Когда они наконец вблизи побережья Северного моря выбились из облаков и увидели землю, то выяснилось, что жестокая ночная болтанка вывела из строя альтиметр. Седые послештормовые валы и прибрежная полоса возникли в такой близости, что Берг инстинктивно взял штурвал на себя, и самолет подпрыгнул, словно ударился колесами об упругую водную поверхность. Берг и Коонен одновременно глянули на высотомер. Стрелка стояла недвижно на отметке 1500 метров. Действительная высота была раза в три-четыре меньше того. Берг выровнял самолет и на какое-то мгновение задумался. Затем он решил продолжать полет на той же высоте. Горючее расходовалось экономнее всего на неизменном режиме полета.

Небо на востоке быстро прояснилось. В тот миг, когда они достигли кромки берега, из-за фронта облаков на землю потоком пламенеющей лавы хлынул солнечный свет. Умытые дождем приморские луга разом вспыхнули изумрудной зеленью, тусклые до того волны вдруг обрели металлический блеск.

И тут показались лошади. Они были очень хорошо видны. Лошади стояли на утреннем лугу в одиночку и парами, их обращенные к востоку и освещенные низким солнцем бока светились золотисто-красным светом.

От лошадиных ног начинались другие, черные и с неимоверно длинными ногами лошади. Коонен был не в силах отвести взгляда. Две лошадиные тени слились головами воедино — стоявшие в ногах у. них маленькие красные лошадки терлись шеями друг о друга.

Коонен вздрогнул от своего самого затаенного юношеского воспоминания.

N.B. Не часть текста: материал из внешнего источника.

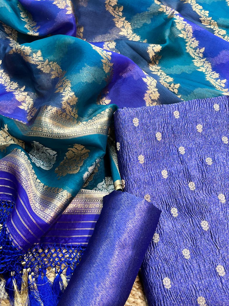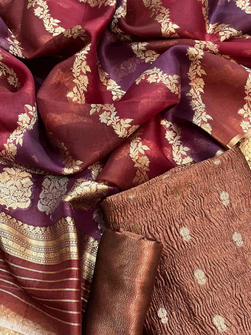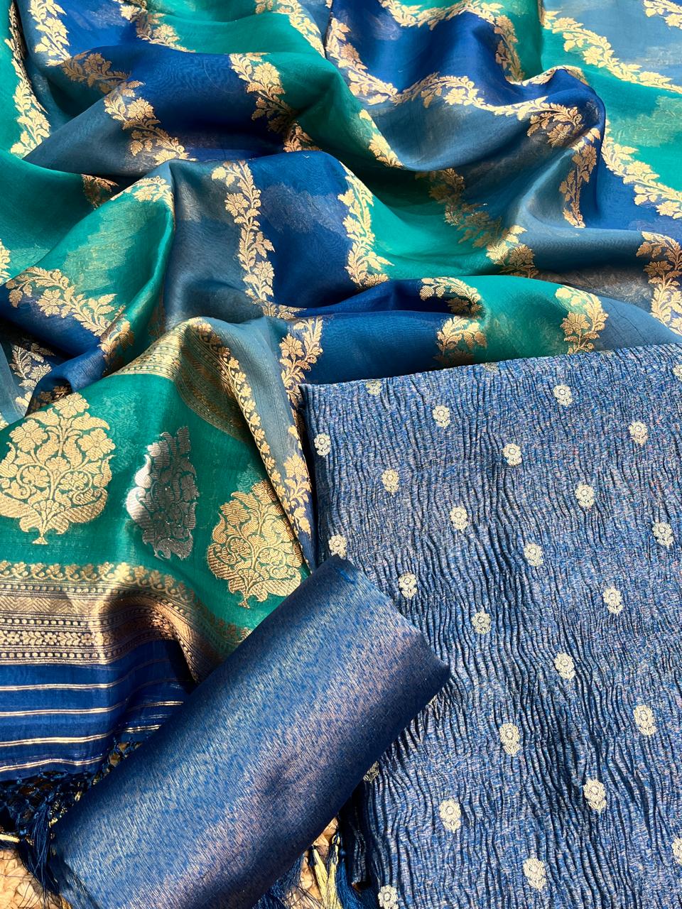 Pure Banarasi Crepe Tissue Silk Unstitched Suit

На рассвете они вышли вместе с девушкой из овина, в котором, будто в предчувствии сиюминутной разлуки, провели любовную ночь, страстную и безудержную. Остановившись в дверях овина, они глядели на омытый ночным дождем луг, глаза их все еще горели необыкновенным блеском. Поднявшееся откуда-то сзади солнце отбросило их гигантские черные тени на осыпанную сверкающими каплями росы траву.

Девушка обхватила гудевшую голову Коонена своими холодными ладонями и прижалась губами к его губам. Их длинноногие тени, казалось, навечно слились воедино. Хотя это продолжалось всего мгновение.